Practicality and Efficiency of Using Non-Power-of-Two Context Lengths in Fine-Tuning Hugging Face Models for SFT or Fine-Tuning

I am considering increasing the context length of my model for fine-tuning, but I am curious about the practicality and efficiency of using non-power-of-two context lengths. Specifically, I would like to know:

  1. Efficiency Implications: How does using a non-power-of-two context length impact memory usage and computation efficiency? Are there specific optimizations that are lost or become less effective with non-power-of-two lengths?
  2. Model Performance: Have there been any observed impacts on model performance, such as generation quality or convergence speed, when using non-power-of-two context lengths?
  3. Best Practices: What are the recommended practices for increasing context length beyond typical values (e.g., 2048 or 4096)? Should increments be made gradually, and are there specific configurations or techniques (e.g., Sample Packing, Flash Attention) that can help manage potential inefficiencies?

I have found some references indicating that frameworks are optimized for powers of two and that non-power-of-two lengths might lead to inefficiencies and potential performance degradation.
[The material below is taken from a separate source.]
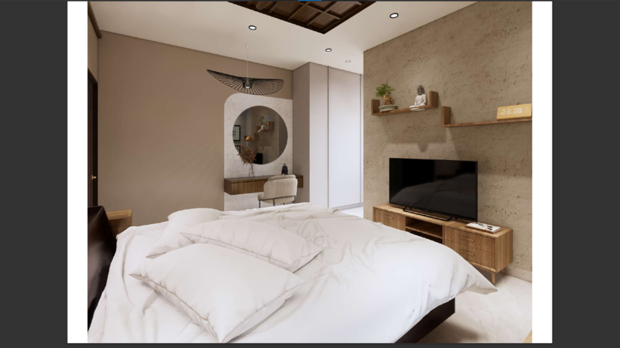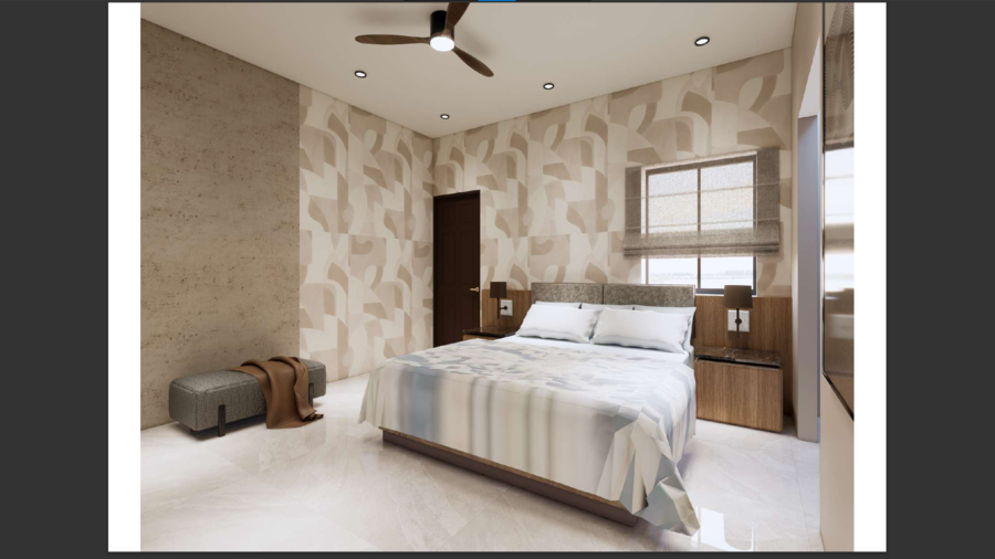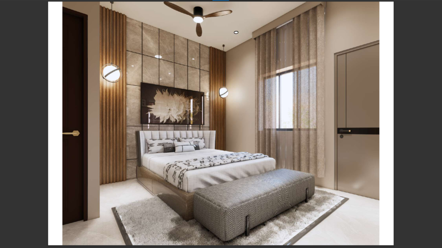 Modern master bedroom with integrated lighting design and premium finishes

However, practical insights and experiences from the community would be incredibly valuable.

References:

  • Everything About Long Context Fine-tuning discusses memory and efficiency considerations in long-context fine-tuning.
  • Hugging Face Forums - Practicality of Context Length highlights potential issues with exceeding typical context lengths.
  • MosaicML Documentation on Fine-tuning provides a tutorial on fine-tuning Hugging Face models, including efficiency tips.

Also, I have seen batch sizes not powers of two so are context lengths special? I conjecture no)